This Stock Pledge Agreement involves
Title: PLEDGE AGREEMENT
Governing Law: Maryland Date: 3/10/2004
Industry: Recreational Activities Sector: Services
THIS PLEDGE AGREEMENT (as amended, restated or otherwise modified, this “Agreement”), executed February 17, 2004 and effective as of February 19, 2004 is made by DOVER MOTORSPORTS, INC., a Delaware corporation, formerly known as Dover Downs Entertainment, Inc. (“Pledgor”) in favor of MERCANTILE-SAFE DEPOSIT AND TRUST COMPANY, as agent (the “Agent”) for the ratable benefit of each of the financial institutions (the “Lenders”) as are, or may from time to time become, parties to the Credit Agreement (as defined below).
STATEMENT OF PURPOSE
The Pledgor, together with Dover International Speedway, Inc., Gateway International Motorsports Corporation, Gateway International Services Corporation, Grand Prix Association of Long Beach, Inc., Memphis International Motorsports Corporation, M&N Services Corp. and Nashville Speedway USA, Inc. (collectively, “Borrowers”), the Lenders and the Agent, as agent for the Lenders, are parties to a Credit Agreement of even date herewith (as the same may be amended, supplemented or otherwise modified, the “Credit Agreement”). Pursuant to the terms of the Credit Agreement the Lenders are providing credit accommodations to the Borrowers and as a condition of providing such credit accommodations the Lenders have required that the Pledgor execute and deliver this Agreement to secure the obligations of the Borrowers under the Credit Agreement.
The Pledgor is the legal and beneficial owners of the shares of Pledged Securities (as hereinafter defined) issued by the issuers (the “Issuers”) listed on Schedule I hereto.
NOW, THEREFORE, in consideration of the promises and mutual covenants contained herein, the parties hereto hereby agree as follows:
SECTION 1. Defined Terms . Capitalized terms used and not otherwise defined in this Agreement, including the preambles and recitals hereof shall have the meaning assigned thereto in the Credit Agreement. The following terms shall have the following meanings:
“ Agreement ” means this Pledge Agreement, as further amended, restated or otherwise modified.
“ Code ” means the Uniform Commercial Code from time to time in effect in the State of Maryland.
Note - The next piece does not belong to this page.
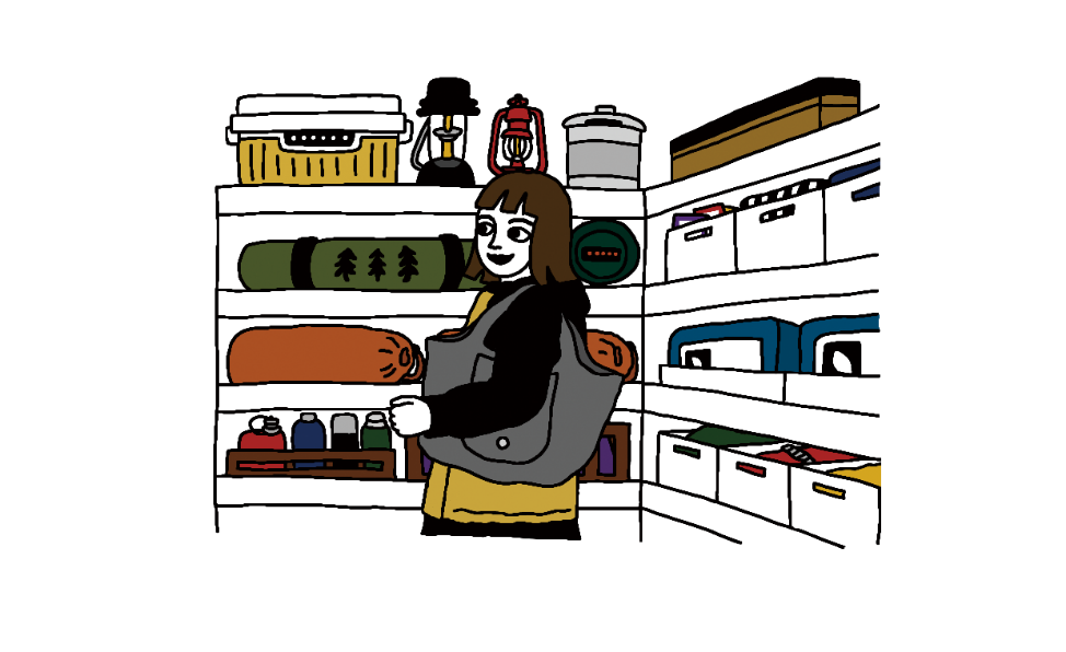 玄関まわりで、買い物帰りの食材や日用品、キャンプ道具までサッと保管。季節用品なども、いつでも取り出しやすい便利なストックスペースです。

“ Collateral ” means the Stock Collateral.
“ Event of Default ” means an Event of Default (as such term is defined in the Credit Agreement).
“ Pledged Securities ” means the shares of capital stock of each Issuer listed on Schedule I hereto, together with all stock certificates, options or rights of any nature whatsoever that may be issued or granted by such Issuer to Pledgor while this Agreement is in effect.
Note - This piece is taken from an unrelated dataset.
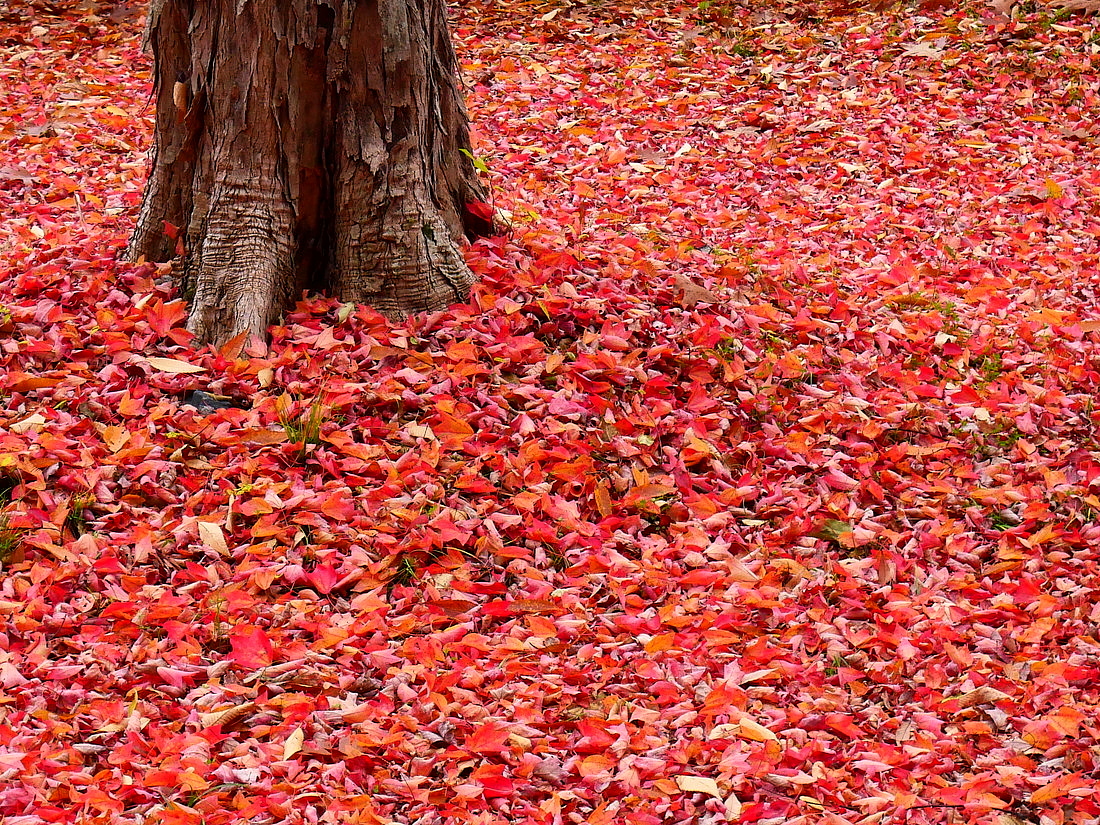赤く色づいた紅葉が散り敷いていました。

“ Proceeds ” means all “proceeds” as such term is defined in Section 9-102(65) of the Code on the date hereof and, in any event, shall include, without limitation, all dividends or other income from the Pledged Securities, collections thereon, proceeds of sale thereof or distributions with respect thereto.
“ Secured Obligations ” means the Obligations as that term is defined in the Credit Agreement.
“ Secured Parties ” means the Agent and the Lenders.
“ Stock Collateral ” means the Pledged Securities and all Proceeds therefrom.
SECTION 2. Pledge and Grant of Security Interests . Pledgor hereby delivers to the Agent, for the ratable benefit of the Secured Parties, all of the Pledged Securities and hereby grants to the Agent, for the ratable benefit of the Secured Parties, a first priority security interest in the Pledged Securities, as collateral security for the prompt and complete payment and performance when due (whether at the stated maturity, by acceleration or otherwise) of the Secured Obligations.
SECTION 3. Stock Powers and Transfer Instruments . Concurrently with the execution of this Agreement and delivery to the Agent of each certificate representing one or more shares of Pledged Securities, (i) Pledgor shall deliver an undated stock power covering such certificate, duly executed in blank by Pledgor and (ii) each Pledgor shall cause each Issuer of such Pledged Securities to, and each such Issuer shall, acknowledge and consent to this Agreement on the signature pages hereto.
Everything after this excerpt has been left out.